Weidtkamp-Peters Stefanie, Weisshart Klaus, Schmiedeberg Lars, Hemmerich Peter
Leibniz Institute for Age Research, Fritz Lipmann Institute, Jena, Germany.
Methods Mol Biol. 2009;464:321-41. doi: 10.1007/978-1-60327-461-6_18.
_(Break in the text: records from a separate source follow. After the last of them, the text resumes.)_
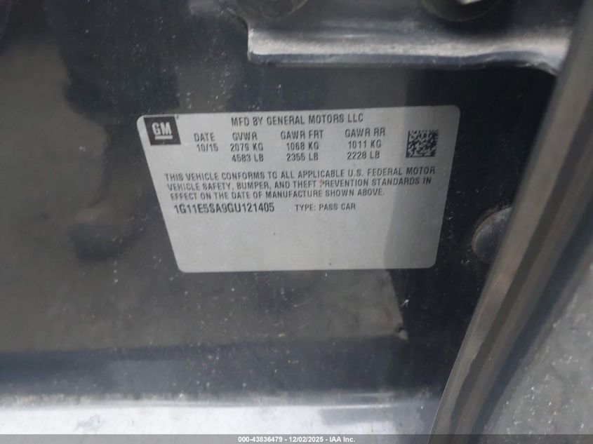 2016 CHEVROLET MALIBU 2016 року Бензин, 2.5, Передний привод, vin - 1G11E5SA9GU121405 из США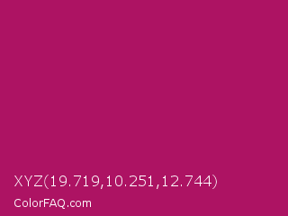 XYZ 19.719,10.251,12.744 Color is a normal rose color and the nearest color is Jazzberry Jam #a50b5e. Hex code #ad1363 and RGB value is rgb(173,19,99). In RGB color space, this color is composed of 68% red, 7% green, 39% blue, In CMYK color space, this color is composed of 0% cyan, 89% magenta, 43% yellow , 32% black , In HSL color space, this color has a hue angle of 329° , 80% saturation and 38% lightness.
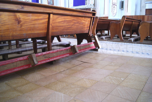 Zacapoaxtla.- La Parroquia lateranense de San Pedro, ubicada en el centro de esta ciudad, presenta cuatro hundimientos en el piso de la nave principal, sin embargo hasta la fecha no se ha llevado a cabo ningún dictamen de protección civil para conocer si este problema pone en riesgo a los feligreses.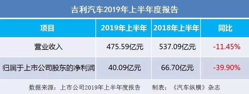 吉利汽车:2019上半年净利润40.09亿元,下降39.90%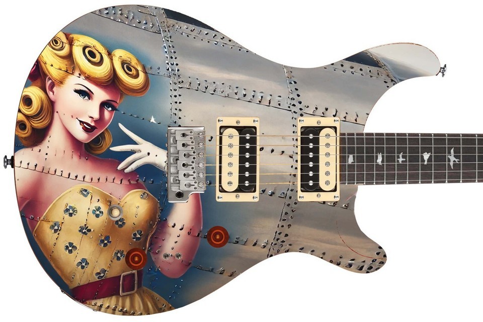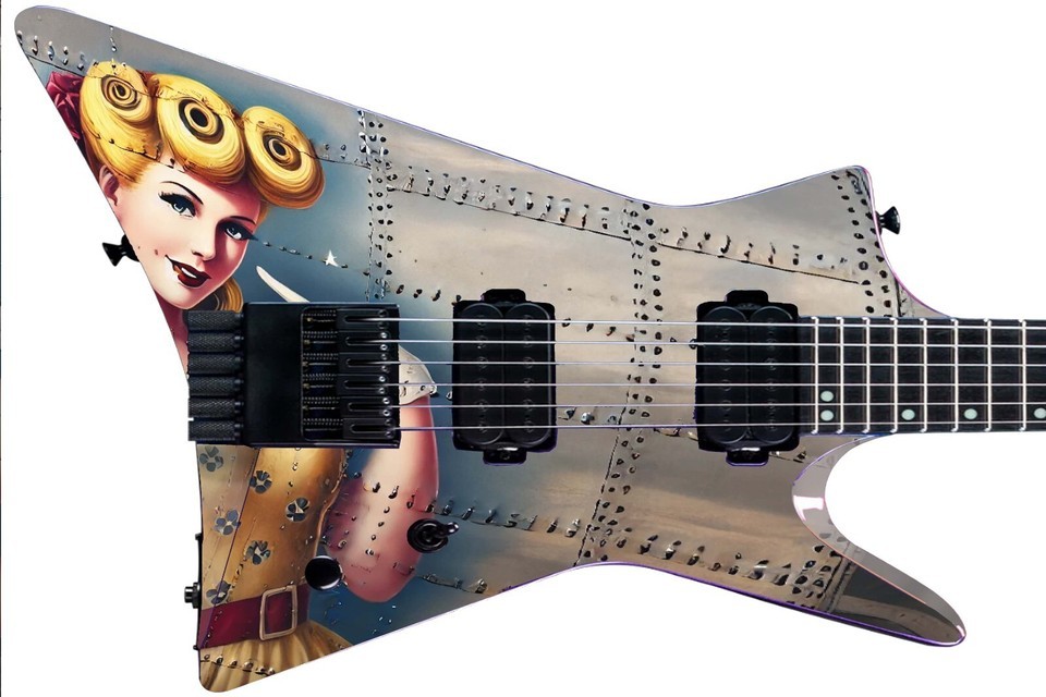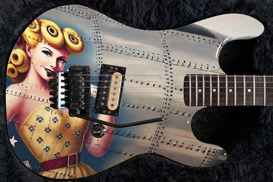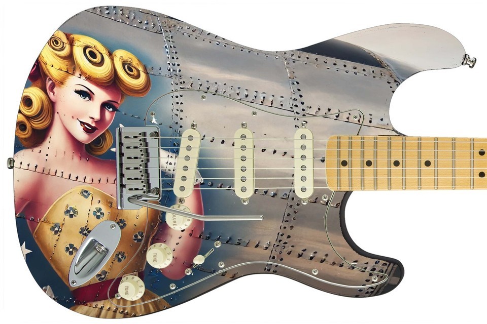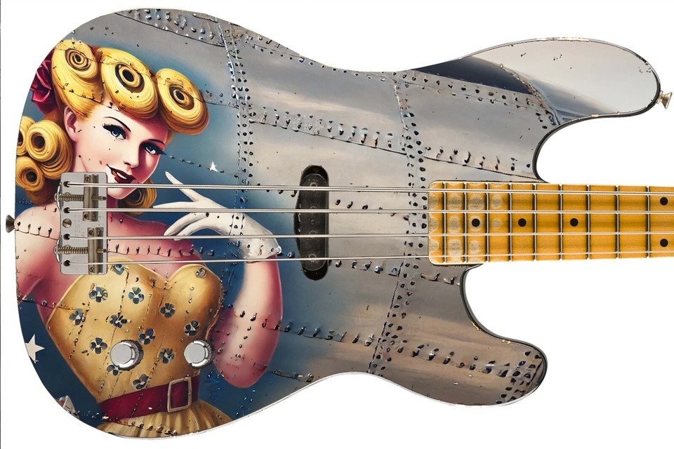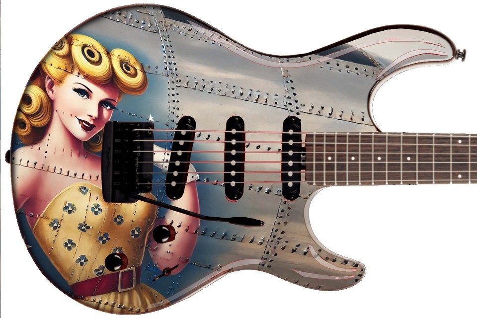 Guitar Skin Bass Axe Wraps Reface Blonde Pin Up Girl Vintage Warplane 1735

Recent developments in cell biology and microscopy techniques enable us to observe macromolecular assemblies in their natural setting: the living cell. These emerging technologies have revealed novel concepts in nuclear cell biology. In order to further elucidate the biochemistry of gene expression, replication, and genome maintenance, the major challenge is now to precisely determine the dynamics of nuclear proteins in the context of the structural organization of the nucleus. Fluorescence correlation spectroscopy (FCS) is an attractive alternative to photobleaching and photoactivation techniques for the analysis of protein dynamics at single-molecule resolution. Here we describe how FCS can be applied to retrieve biophysical parameters of nuclear proteins in living cells.
细胞生物学和显微镜技术的最新进展使我们能够在自然环境(即活细胞)中观察大分子组装体。这些新兴技术揭示了细胞核细胞生物学中的新概念。为了进一步阐明基因表达、复制和基因组维持的生物化学过程,目前的主要挑战是在细胞核结构组织的背景下精确确定核蛋白的动力学。荧光相关光谱法(FCS)是一种有吸引力的替代光漂白和光激活技术的方法,可用于在单分子分辨率下分析蛋白质动力学。在这里,我们描述了如何应用FCS来获取活细胞中核蛋白的生物物理参数。